### EXERCISE REQUIREMENTS
Somewhere below, one line contains "Bei der Gelegenheit" and a later line contains "Maximize Juego de". Output those two lines and everything between them exactly, and nothing else.

### MATERIAL SHOWN
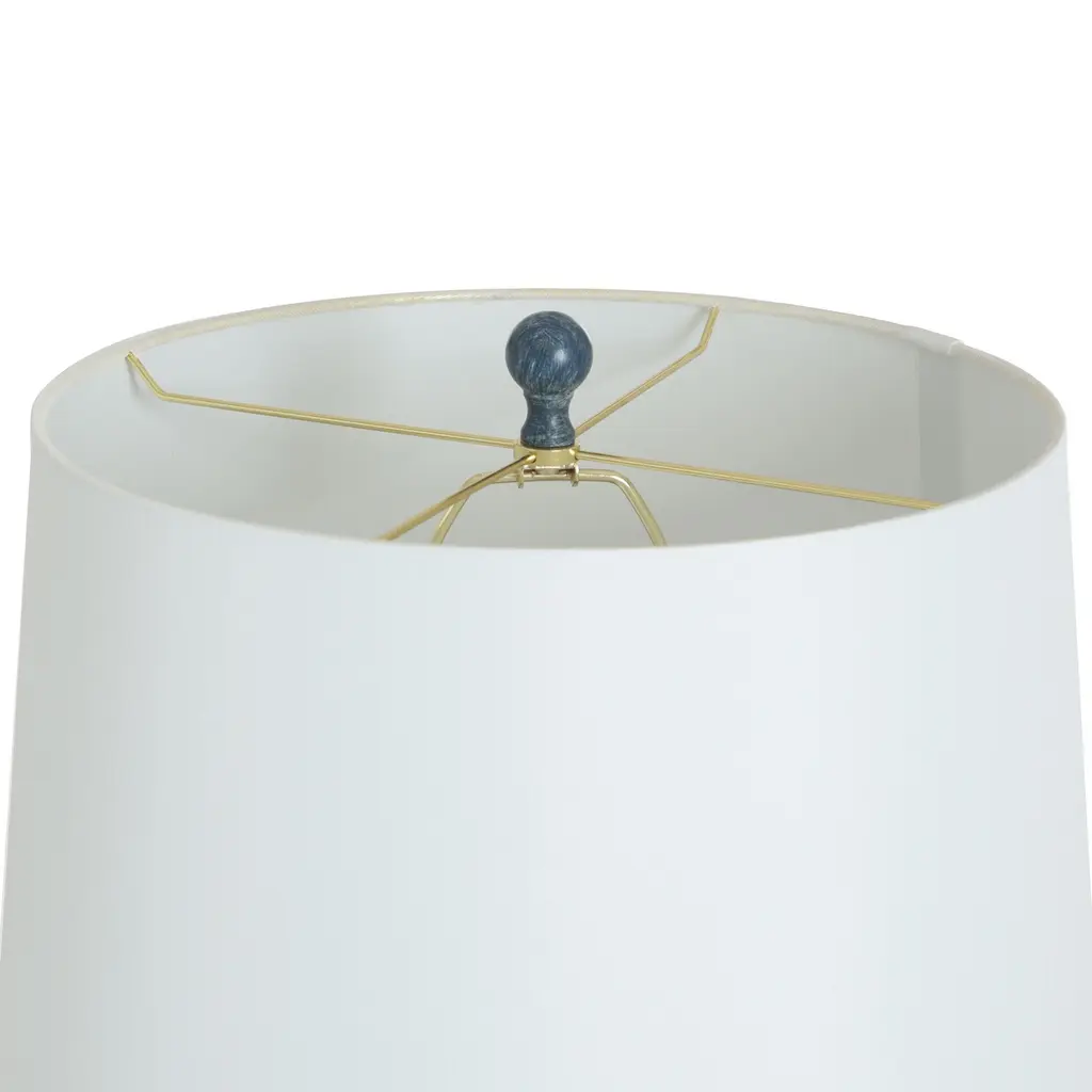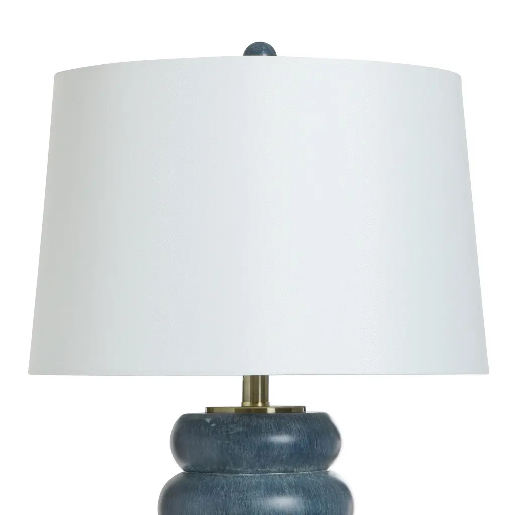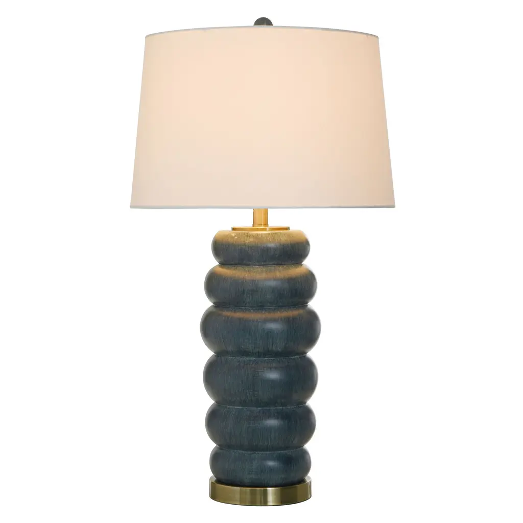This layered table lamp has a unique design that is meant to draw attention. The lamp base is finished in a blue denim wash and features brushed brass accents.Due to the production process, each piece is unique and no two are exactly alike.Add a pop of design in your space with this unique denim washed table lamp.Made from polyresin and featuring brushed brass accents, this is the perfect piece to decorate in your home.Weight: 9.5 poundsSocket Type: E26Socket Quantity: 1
* * *
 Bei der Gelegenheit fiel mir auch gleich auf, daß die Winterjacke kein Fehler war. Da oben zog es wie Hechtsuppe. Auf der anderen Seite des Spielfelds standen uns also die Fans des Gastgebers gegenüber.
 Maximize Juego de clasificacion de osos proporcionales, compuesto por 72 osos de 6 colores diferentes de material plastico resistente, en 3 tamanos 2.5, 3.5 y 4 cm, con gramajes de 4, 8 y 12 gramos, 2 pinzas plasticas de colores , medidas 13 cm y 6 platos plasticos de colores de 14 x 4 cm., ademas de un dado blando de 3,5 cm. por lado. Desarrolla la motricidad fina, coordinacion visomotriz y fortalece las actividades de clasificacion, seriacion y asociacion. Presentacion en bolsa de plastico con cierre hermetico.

### ANSWER TO THE EXERCISE
 Bei der Gelegenheit fiel mir auch gleich auf, daß die Winterjacke kein Fehler war. Da oben zog es wie Hechtsuppe. Auf der anderen Seite des Spielfelds standen uns also die Fans des Gastgebers gegenüber.
 Maximize Juego de clasificacion de osos proporcionales, compuesto por 72 osos de 6 colores diferentes de material plastico resistente, en 3 tamanos 2.5, 3.5 y 4 cm, con gramajes de 4, 8 y 12 gramos, 2 pinzas plasticas de colores , medidas 13 cm y 6 platos plasticos de colores de 14 x 4 cm., ademas de un dado blando de 3,5 cm. por lado. Desarrolla la motricidad fina, coordinacion visomotriz y fortalece las actividades de clasificacion, seriacion y asociacion. Presentacion en bolsa de plastico con cierre hermetico.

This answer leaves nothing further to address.